Seit 2010 erhebt das ALS Register Schwaben mit der angegliederten Fall-Kontroll-Studie erste epidemiologische Daten in Deutschland zur Inzidenz und Prävalenz der ALS. Das Register hat eine sehr hohe Vollständigkeit der erfassten Fallzahlen aufzuweisen (81%) und wird fortlaufend geführt in enger Kooperation mit 40 Kooperationspartnern in neurologischen und psychiatrischen Kliniken und Praxen sowie den umliegenden Universitätskliniken. Unter Leitung von Prof. Ludolph und Fr. Dr. Rosenbohm werden die epidemiologischen Daten von Fr. Prof. Nagel, Prof. D. Rothenbacher und Mitarbeitern epidemiologisch bewertet und in eine Datenbank aufgenommen. Im Jahr 2014 wurde das Register um die frontotemporale Lobärdegeneration, einer dem neurodegenerativen Spektrum zuzuordnenden Erkrankung mit assoziierten pathologischen und genetischen Überschneidungen zur ALS, erfolgreich erweitert.

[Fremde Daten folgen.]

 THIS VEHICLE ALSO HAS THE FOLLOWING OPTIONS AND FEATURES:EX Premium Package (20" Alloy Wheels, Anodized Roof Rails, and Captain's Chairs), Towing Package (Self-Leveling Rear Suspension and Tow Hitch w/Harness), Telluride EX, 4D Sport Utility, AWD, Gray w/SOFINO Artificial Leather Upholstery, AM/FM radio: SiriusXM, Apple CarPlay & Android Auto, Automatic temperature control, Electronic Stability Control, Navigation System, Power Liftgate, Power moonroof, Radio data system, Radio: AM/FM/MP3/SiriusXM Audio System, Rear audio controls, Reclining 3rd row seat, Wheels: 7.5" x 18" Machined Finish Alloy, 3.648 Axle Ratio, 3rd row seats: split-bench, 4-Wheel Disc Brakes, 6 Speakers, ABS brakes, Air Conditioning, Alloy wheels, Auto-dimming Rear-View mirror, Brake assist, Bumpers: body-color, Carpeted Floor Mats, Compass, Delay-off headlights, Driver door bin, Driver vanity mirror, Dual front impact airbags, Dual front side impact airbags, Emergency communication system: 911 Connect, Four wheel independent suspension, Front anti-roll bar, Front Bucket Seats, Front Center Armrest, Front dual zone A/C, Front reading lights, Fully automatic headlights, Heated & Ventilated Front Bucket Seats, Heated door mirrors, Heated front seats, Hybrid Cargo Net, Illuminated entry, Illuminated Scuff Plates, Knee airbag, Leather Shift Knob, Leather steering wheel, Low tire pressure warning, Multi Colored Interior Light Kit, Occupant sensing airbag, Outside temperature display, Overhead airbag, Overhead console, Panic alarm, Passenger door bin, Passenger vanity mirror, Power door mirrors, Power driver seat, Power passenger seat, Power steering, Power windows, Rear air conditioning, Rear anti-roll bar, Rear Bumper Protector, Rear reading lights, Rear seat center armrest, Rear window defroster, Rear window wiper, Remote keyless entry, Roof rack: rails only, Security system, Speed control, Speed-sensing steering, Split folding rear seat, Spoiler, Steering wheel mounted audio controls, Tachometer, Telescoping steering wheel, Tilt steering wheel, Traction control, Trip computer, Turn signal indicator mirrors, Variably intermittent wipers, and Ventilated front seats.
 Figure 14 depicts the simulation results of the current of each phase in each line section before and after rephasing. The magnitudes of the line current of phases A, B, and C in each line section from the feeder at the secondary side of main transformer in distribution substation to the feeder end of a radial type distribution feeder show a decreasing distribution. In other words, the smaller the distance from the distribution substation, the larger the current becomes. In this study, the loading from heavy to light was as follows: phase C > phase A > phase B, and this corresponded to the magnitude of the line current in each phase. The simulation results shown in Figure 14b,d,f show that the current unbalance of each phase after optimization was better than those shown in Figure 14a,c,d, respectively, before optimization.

Mit genetischen Studien zur familiären ALS wurden in 2015 durch Assoziationstestung sowie Segregationsanalyse von Gesamt-Exom-Sequenzdaten von mehr als 250 ALS-Familien und 800 Kontrollpersonen der Autophagie-Regulator TBK1 als neues ALS-Gen indentifiziert werden. Nach weiteren Screening-Ergebnissen gehört TBK1 mittlerweile zu den 4 am häufigsten mutierten bekannten ALS-Genen in Europa.

Weiter Erwähnenswertes:

Wir führen 2-3x jährlich ein spezielles Muskelkolloquium durch, bei dem eigene Fälle präsentiert und diskutiert werden, welches für kooperierende und niedergelassene Kollegen mit Fortbildungscharakter gehalten wird.

Kontaktmöglichkeiten

Dr. A. Rosenbohm (angela.rosenbohm@uni-ulm.de, Telefon 0731 5006 3001)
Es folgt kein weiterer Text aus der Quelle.